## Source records
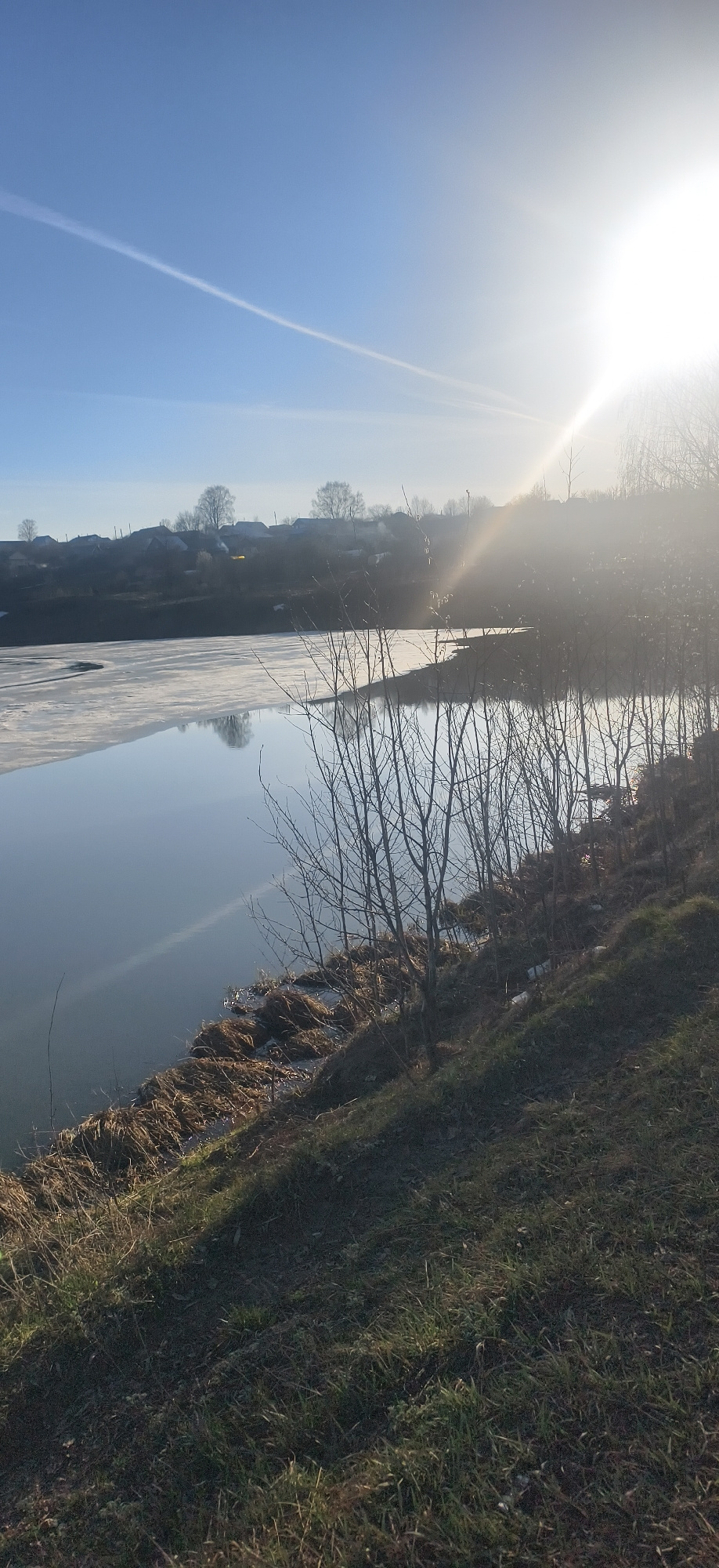 This landscape photograph presents a serene view of a partially frozen body of water in Фоки, Russia, bathed in the bright light of a low-hanging sun. The scene likely depicts late winter or early spr…read more
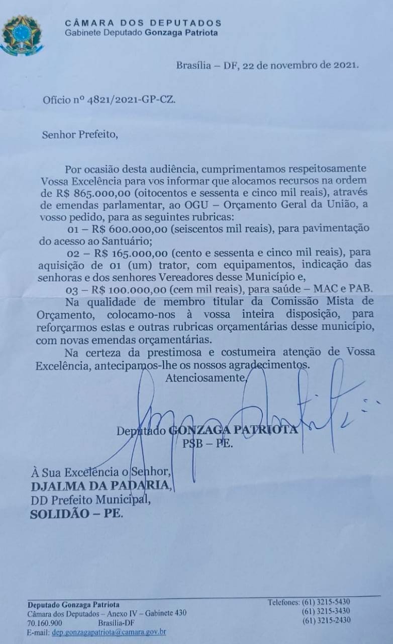 O Deputado Federal Gonzaga Patriota mais uma vez mostrou a preocupação e o carinho que tem com Solidão e destinou:
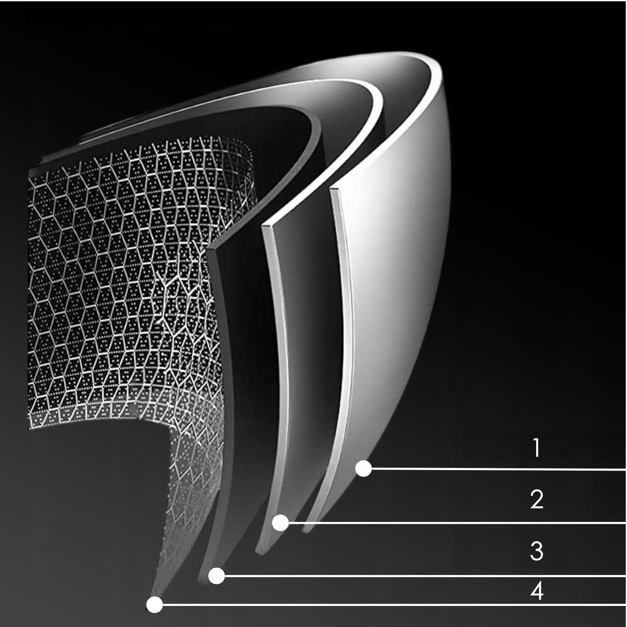 - 4-слойная конструкция: 1 (снизу) — нержавеющая сталь SUS 430 (0,6 мм); 2 - сердечник 1050ALU (1,5 мм); 3 - Нержавеющая сталь SUS 304 (0,4 мм); 4 — Керамическое покрытие с инновационным сотовым рисунком.
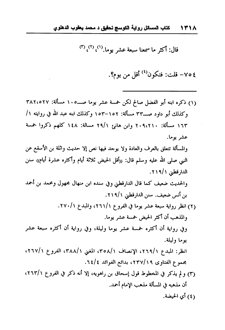 والمسألة تتعلق بالعرف والعادة ولا يوجد فيها نصّ إلاّ حديث واثلة بن الأسقع عن النبيّ صلّى الله عليه وسلّم قال: "أقلّ الحيض ثلاثة أيّام وأكثره عشرة أيّام" سنن الدارقطني 1/219.
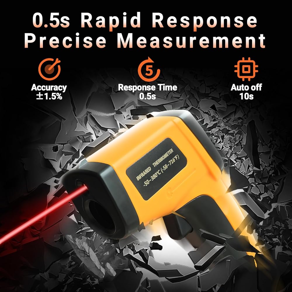📳𝐔𝐥𝐭𝐫𝐚-𝐅𝐚𝐬𝐭 𝐑𝐞𝐬𝐩𝐨𝐧𝐬𝐞: With its distance-to-spot ratio of 12:1 and a response time <500Ms, this infrared temp gun thermometer can quickly provide temperature readings of any target, even at great distances
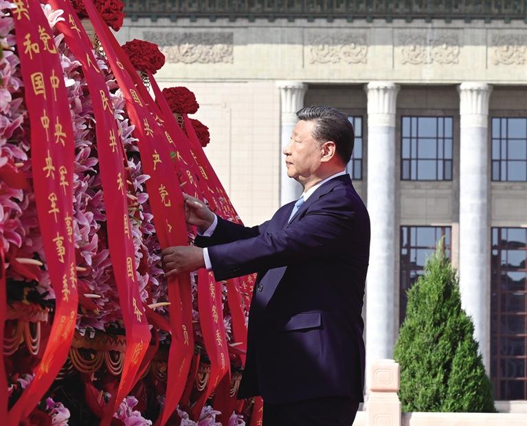 9月30日上午,党和国家领导人习近平、李强、赵乐际、王沪宁、蔡奇、丁薛祥、李希、韩正等来到北京天安门广场,出席烈士纪念日向人民英雄敬献花篮仪式。这是习近平整理花篮上的缎带。 ■新华社记者 李响 摄
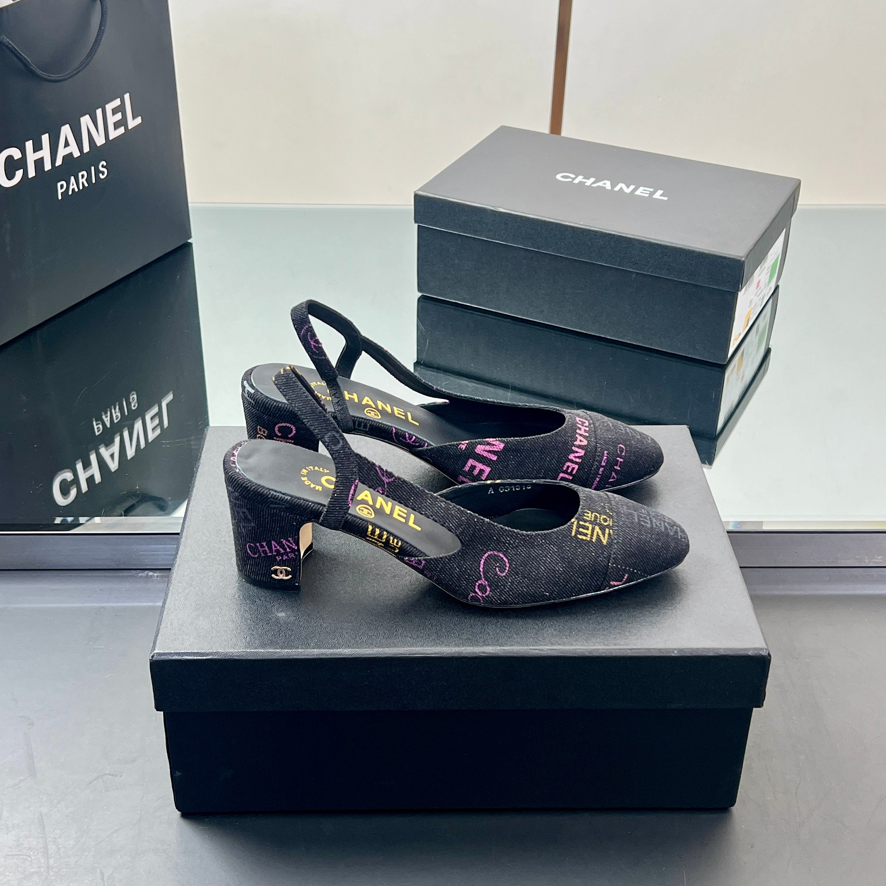 CC SLINGBACK 25S 65 MM IN BLACK FABRIC PRINT BRAND LOGO

## Problem to solve
Print once more, exactly, the lines from the one with "- 4-слойная конструкция: 1" through the last line of the data, both ends included, without any pictures.

## Answer below
 - 4-слойная конструкция: 1 (снизу) — нержавеющая сталь SUS 430 (0,6 мм); 2 - сердечник 1050ALU (1,5 мм); 3 - Нержавеющая сталь SUS 304 (0,4 мм); 4 — Керамическое покрытие с инновационным сотовым рисунком.
 والمسألة تتعلق بالعرف والعادة ولا يوجد فيها نصّ إلاّ حديث واثلة بن الأسقع عن النبيّ صلّى الله عليه وسلّم قال: "أقلّ الحيض ثلاثة أيّام وأكثره عشرة أيّام" سنن الدارقطني 1/219.
📳𝐔𝐥𝐭𝐫𝐚-𝐅𝐚𝐬𝐭 𝐑𝐞𝐬𝐩𝐨𝐧𝐬𝐞: With its distance-to-spot ratio of 12:1 and a response time <500Ms, this infrared temp gun thermometer can quickly provide temperature readings of any target, even at great distances
 9月30日上午,党和国家领导人习近平、李强、赵乐际、王沪宁、蔡奇、丁薛祥、李希、韩正等来到北京天安门广场,出席烈士纪念日向人民英雄敬献花篮仪式。这是习近平整理花篮上的缎带。 ■新华社记者 李响 摄
 CC SLINGBACK 25S 65 MM IN BLACK FABRIC PRINT BRAND LOGO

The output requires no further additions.